Description and morphology: Perennial tree (height up to 5–8 m). Leaves: alternate (4.5– 8.0 cm long, 1.5–2.0 wide), entire, covered with silvery-white indumentum. Perianth segments yellow, pentamerous, silvery-white above, covered by numerous thin scales. Flowers: bisexual, campanulate tetramerous; 4 stamens. Ovary superior, monolocular.

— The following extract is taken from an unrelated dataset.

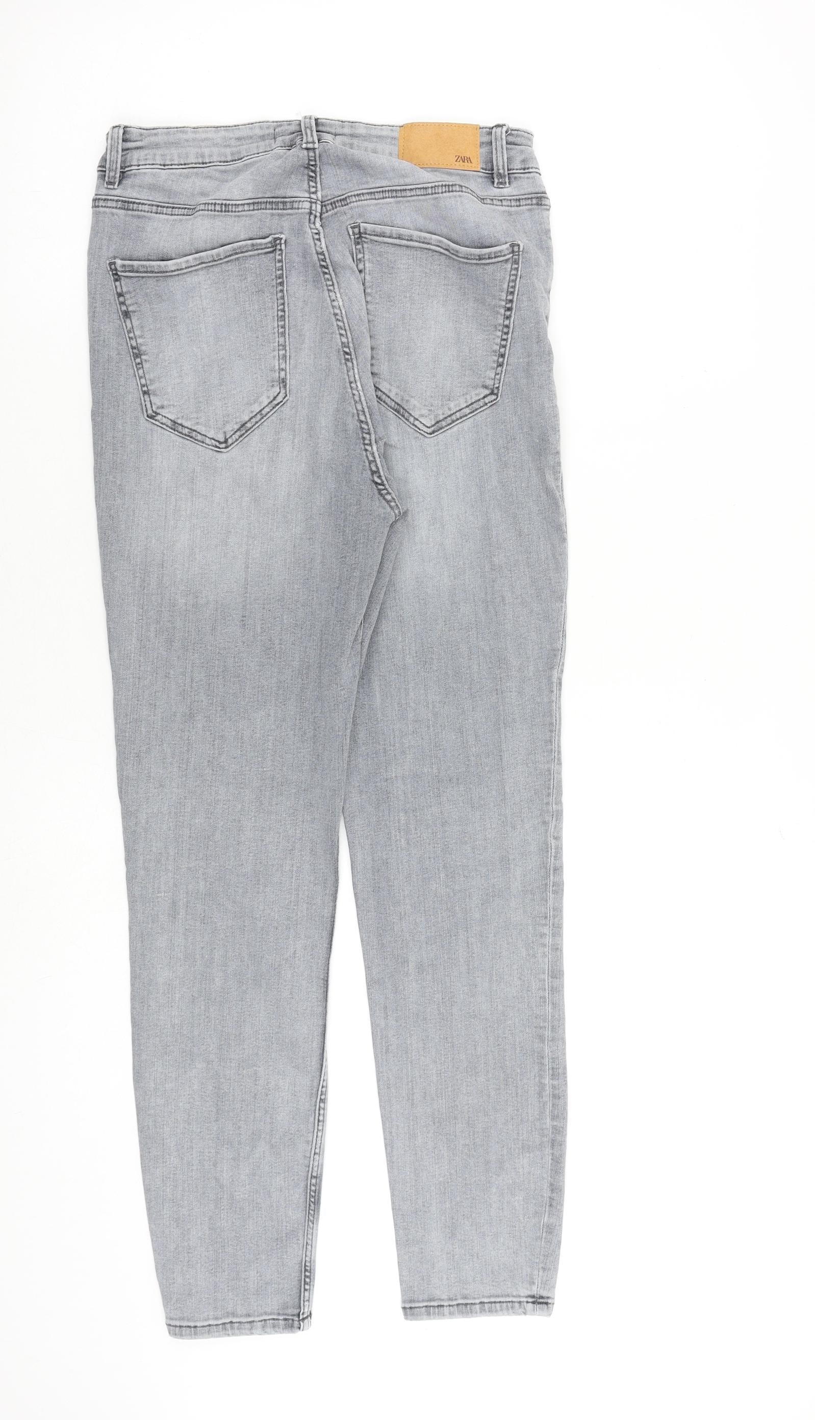 Zara Womens Grey Cotton Skinny Jeans Size 14 L27 in Slim Zip

Reproduction: Sexual. Entomophilous. Flowering: May–August. Fruit maturation: September– November. Fruit: false, drupiform, soft; dark brown or yellowish, oblong (1.7–3.0 cm long, 1.3 cm wide), with numerous small furrows. Seed: large, erect embryo. Seed coat thin, membranous. Dormancy A2–B3 type. Long-term (more than 3 months) stratification (1–10 °C) and treatment with sulphuric acid increase germination. Removing the soft fruiting body and stone stimulates germination.

Pastoral importance: None on open rangeland. Only interest is as a wind-break on irrigated and cultivated land. Poor quality fuelwood.

Fodder value: None; camels may occasionally eat the leaves.

Economic interest: Fruit tree in many places, such as gardens and oases. Fruits are consumed as delicacies as they are rich in sugar. Also used as feed for domestic birds. Local medicine for respiratory and digestive problems. Good for bee-keeping and honey production. Wood harvested occasionally.

Habitat: Phreatophyte.

Distribution: Widely distributed in Central Asia, both native and cultivated. Common in natural stands in Uzbekistan on the floodplain and valleys of the Amu-Darya, Syr-Darya, Zerafshan and other rivers. Present in tugaï ecosystems in monospecific stands.